What needs to be done: Return every entry exactly as written, with the pictures removed.

##############################

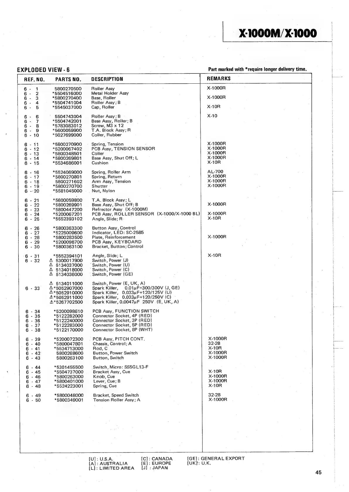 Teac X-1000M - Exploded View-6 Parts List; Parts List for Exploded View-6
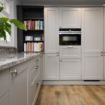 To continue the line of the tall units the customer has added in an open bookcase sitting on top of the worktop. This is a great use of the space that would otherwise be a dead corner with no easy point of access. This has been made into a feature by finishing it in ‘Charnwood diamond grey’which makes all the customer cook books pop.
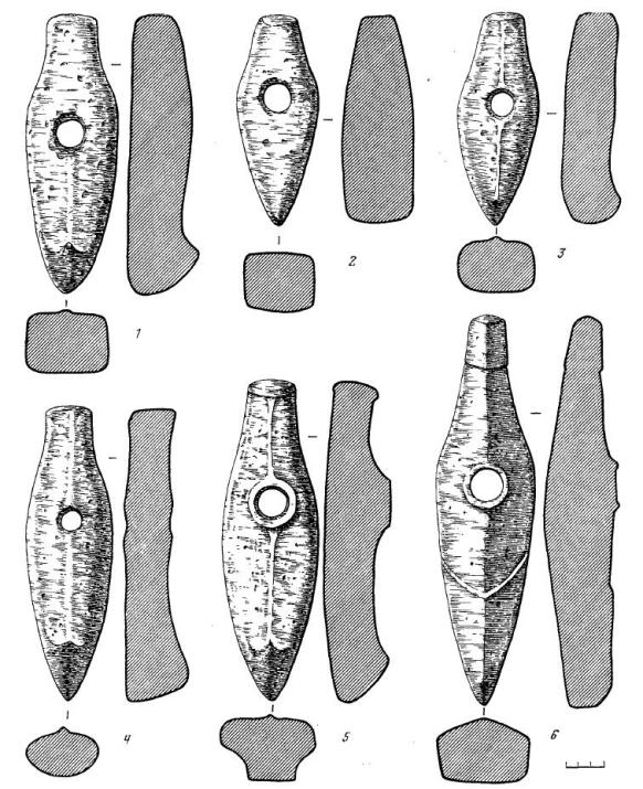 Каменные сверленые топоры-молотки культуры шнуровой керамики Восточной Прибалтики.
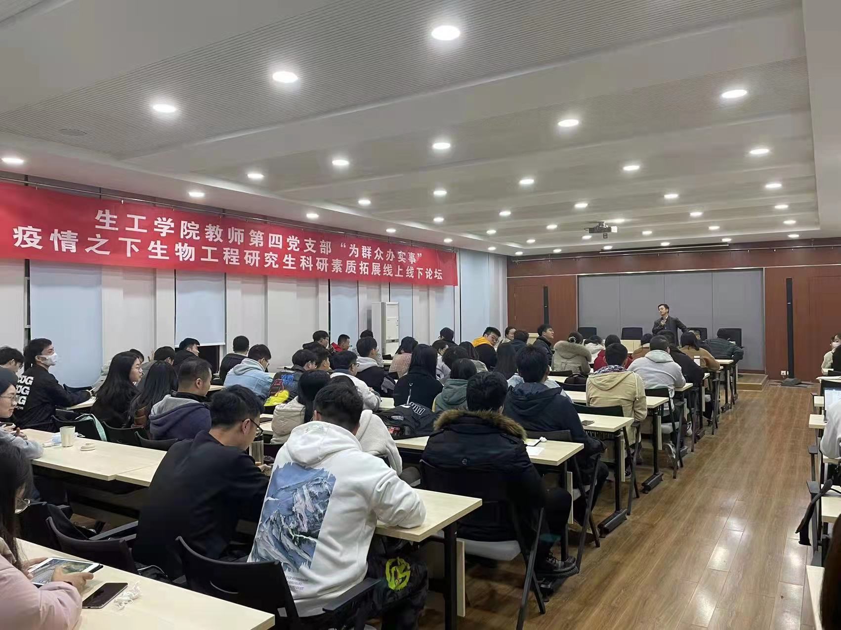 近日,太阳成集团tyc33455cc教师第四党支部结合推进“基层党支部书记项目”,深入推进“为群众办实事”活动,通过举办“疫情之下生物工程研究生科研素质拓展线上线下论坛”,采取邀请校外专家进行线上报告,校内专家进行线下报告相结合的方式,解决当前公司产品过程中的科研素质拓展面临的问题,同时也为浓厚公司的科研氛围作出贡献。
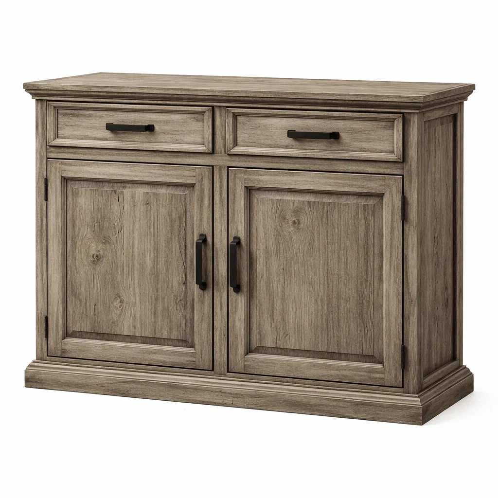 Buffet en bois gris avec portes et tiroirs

##############################

The answer:
 Teac X-1000M - Exploded View-6 Parts List; Parts List for Exploded View-6
 To continue the line of the tall units the customer has added in an open bookcase sitting on top of the worktop. This is a great use of the space that would otherwise be a dead corner with no easy point of access. This has been made into a feature by finishing it in ‘Charnwood diamond grey’which makes all the customer cook books pop.
 Каменные сверленые топоры-молотки культуры шнуровой керамики Восточной Прибалтики.
 近日,太阳成集团tyc33455cc教师第四党支部结合推进“基层党支部书记项目”,深入推进“为群众办实事”活动,通过举办“疫情之下生物工程研究生科研素质拓展线上线下论坛”,采取邀请校外专家进行线上报告,校内专家进行线下报告相结合的方式,解决当前公司产品过程中的科研素质拓展面临的问题,同时也为浓厚公司的科研氛围作出贡献。
 Buffet en bois gris avec portes et tiroirs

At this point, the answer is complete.